The best solution to managing your accounts is through a password manager.
There are plenty of secure password managers to choose from, but we don’t recommend using one built into your devices or apps, like Chrome’s password manager. These are relatively easy to access compared to dedicated password managers. A dedicated service is usually the better choice.
You should also use 2FA, or two-factor authentication, to further protect your accounts. Even if an evil-minded character knows your password and email address, they won’t be able to access any accounts without your 2FA details.
The simplest 2FA method is through an app like Google Authenticator or Authy. These are effective 2FA apps, but you must keep these apps secure. Disable them remotely if you lose the device they are installed on, and never use the same password for other accounts.
2
Familiarize yourself with your university’s IT resources
Know where to go if something goes wrong
In my first year at university, I fell victim to a phishing scam that locked me out of my accounts. Fortunately, I knew that the IT department had resources to restore my accounts.
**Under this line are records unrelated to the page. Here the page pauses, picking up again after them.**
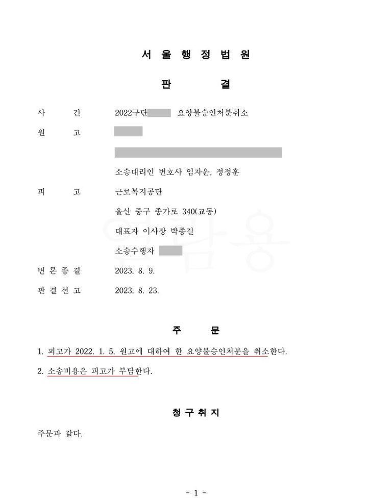 법률사무소 지담에서 진행한 요양불승인처분 취소소송 승소사례를 소개합니다.
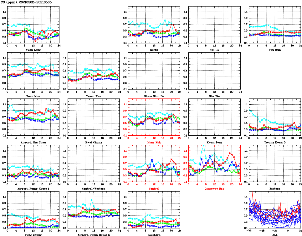 | Air Quality Data Time Series for CO (2021/05/05) | ( Line colors: Day -3 Day -2 Day -1 Current day ) | 2D Map Current AQHI |
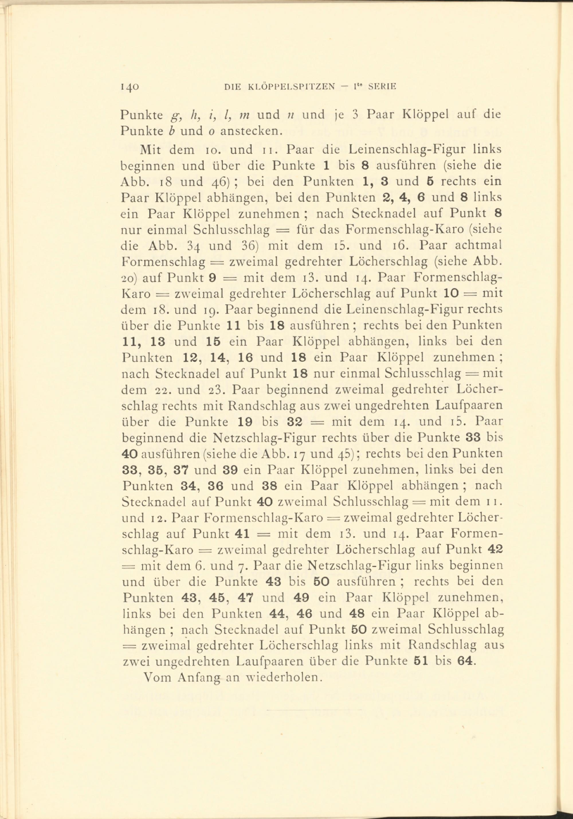 Mit dem io. und n. Paar die Leinenschlag-Figur links beginnen und über die Punkte 1 bis 8 ausführen (siehe die Abb. 18 und 46) ; bei den Punkten 1, 3 und B rechts ein Paar Klöppel abhängen, bei den Punkten 2, 4, 6 und 8 links ein Paar Klöppel zunehmen ; nach Stecknadel auf Punkt 8 nur einmal Schlusschlag = für das Formenschlag-Karo (siehe die Abb. 34 und 36 ) mit dem i 5 . und 16. Paar achtmal Formenschlag = zweimal gedrehter Löcherschlag (siehe Abb. 20) auf Punkt 9 == mit dem i 3 . und 14. Paar Formenschlag- Karo = zweimal gedrehter Löcherschlag auf Punkt 10 = mit dem 18. und 19. Paar beginnend die Leinenschlag-Figur rechts über die Punkte 11 bis 18 ausführen; rechts beiden Punkten 11, 13 und 15 ein Paar Klöppel abhängen, links bei den Punkten 12, 14, 16 und 18 ein Paar Klöppel zunehmen ; nach Stecknadel auf Punkt 18 nur einmal Schlusschlag = mit dem 22. und 23 . Paar beginnend zweimal gedrehter Löcherschlag rechts mit Randschlag aus zwei ungedrehten Laufpaaren über die Punkte 19 bis 32 = mit dem 14. und i 5 . Paar beginnend die Netzschlag-Figur rechts über die Punkte 33 bis 40 ausführen (siehe die Abb. 17 und 45); rechts bei den Punkten 33, 35, 37 und 39 ein Paar Klöppel zunehmen, links bei den Punkten 34, 36 und 38 ein Paar Klöppel abhängen ; nach Stecknadel auf Punkt 40 zweimal Schlusschlag = mit dem 11. und 12. Paar Formenschlag-Karo = zweimal gedrehter Löcherschlag auf Punkt 41 = mit dem i 3 . und 14. Paar Formenschlag-Karo = zweimal gedrehter Löcherschlag auf Punkt 42 = mit dem 6. und 7. Paar die Netzschlag-Figur links beginnen und über die Punkte 43 bis 50 ausführen ; rechts bei den Punkten 43, 45, 47 und 49 ein Paar Klöppel zunehmen, links bei den Punkten 44, 46 und 48 ein Paar Klöppel abhängen ; nach Stecknadel auf Punkt 50 zweimal Schlusschlag = zweimal gedrehter Löcherschlag links mit Randschlag aus zwei ungedrehten Laufpaaren über die Punkte 51 bis 64.

Within the hour, I had my accounts restored and learned a valuable lesson in the process.
The most important takeaway from this story is that no matter how many steps you take, you are always vulnerable. There are steps you can take if you click a phishing link, but you should also know what to do if things go too far.
Your university’s IT office will often have backdoor access to your accounts so they can restore them if you are locked out. Make sure you’re aware of how to contact it, when it’s open, and what security resources you can access.
1
Know where your data is stored on your university accounts
You might be surprised by how much of your personal information is stored by your university
It’s easy to dismiss the importance of securing your university accounts. While your schoolwork (probably) isn’t valuable to a hacker, your university accounts are filled with valuable information for others.
Universities offer financial support, medical resources, job advice, and other resources that use your personal information to help you succeed.
If a hacker can access your university accounts, they unlock a vault containing more of your personal information in one place than anywhere else.
For example, a hacker could pause regular payments to your university, then send you an official-looking email informing you of a new way you need to make your payments.
Privacy tips discussed earlier in this article can prevent this from happening in the first place, but you should also take time to know what personal data is stored by your university, where it’s stored, how you can access it, and how secure it is.
Remove any references to unnecessary data, and check that you have protections against the most at-risk accounts. Your university will inform you of any changes to how your data is stored. Act on these as soon as possible.
Use all the digital resources at your disposal
Your university may have additional privacy measures on top of those listed in this article. It should make you aware of these, but it’s worth checking all the resources available to you.
The data stored in your university accounts is incredibly valuable to others, so you should take every step you can to secure it.